I'm planning to create a Vista/Win7 dual-boot on a system that
currently runs Vista (32-bit) and need feedback on which of two HDs to
use. The 1T has Vista installed and currently has 694gb free. The
second HD has 465gb of 500gb free (both are Seagate). I've heard that
it's better to put the OS's of a dual-boot on separate drives, if
possible. True?
If you're comfortable with Ranish and various low level partition
manipulators, and, unless there are issues with either W7 or Vista
accessing low-level settings, that is, once past the initial
installation.
I don't run either, just XP. Basically it's about hiding partitions
Windows Operating Systems wouldn't need to or shouldn't see. Once the
OS is stable, IMO, it's mainly about being very careful about
subsequent hardware and sometimes software changes.

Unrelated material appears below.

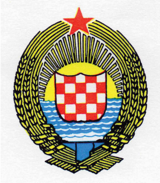
Emblème de la République Socialiste de Croatie (Constitution de la République Socialiste Fédérative de Yougoslavie, Secrétariat à l'information de l'Assemblée fédérale, Beograd 1974)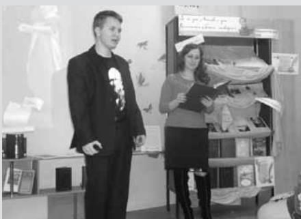
Литературно-музыкальный вечер «Для мира и небес чужой»

Были организованы обучающие занятия для подростков «23 дела с мобильным» , разработанные на основе российской адаптации курса «23 mobilethings». Хотя курс предназначен для библиотекарей, его можно использовать в работе с читателями. Ведь, к примеру, защита своей конфиденциальности, фотосъемка и мобильное видео, совместная работа в сети — подобные вопросы актуальны для всех. Были представлены современные сервисы и мобильные приложения, показаны их возможности для поиска полезной информации, создания православных маршрутов, общения с единомышленниками и т. д. Одновременно мы ненавязчиво гово-

I just swapped cases last night (and a few minor changes - 1 new USB
port, a SATA MB port DVD hookup). Tricky, how XP can screw itself
up. But, since I'm ghosted, I was able to repeat the installation and
duplicate the errors to find what was causing XP the grief (required
stagged, consecutive hardware detection of each piece, singularly,
before advancing to next "changes". Three DVDs running simultaneously
over separate DMA channels into three 200/250G 5-year-old Seagate
HDs. 756 3000 AMD on an Asus, doing it, bumps the temp from 100 to
125F, but still sweet. Getting media off DVDs and onto 1T drives via
a USB docking station).
I prefer keeping an OS small by installing subsequent software to
other partitions (potentially shared OS resources is a further
possibility). Then I can Ghost the OS into smaller, faster-to-restore/
write binary-sector images. Once my images are backed-up, Ghost will
account adapting to most any sector sizing.
Which is circularly roundabout back to low level manipulations. If
partitions and drive letter assignments match, should be a mote point,
where the operating system is going (aside a little juggling in the OS
hardware detection phase, and a drive model ID coming up as detected
for different). I personally prefer everything related to an OS on
one drive (some partitions/logical assignments of course being hidden
by a boot arbitrator), in dealing and keeping storage issues from a
core gist of OS "maintenance" -- apart on other drives.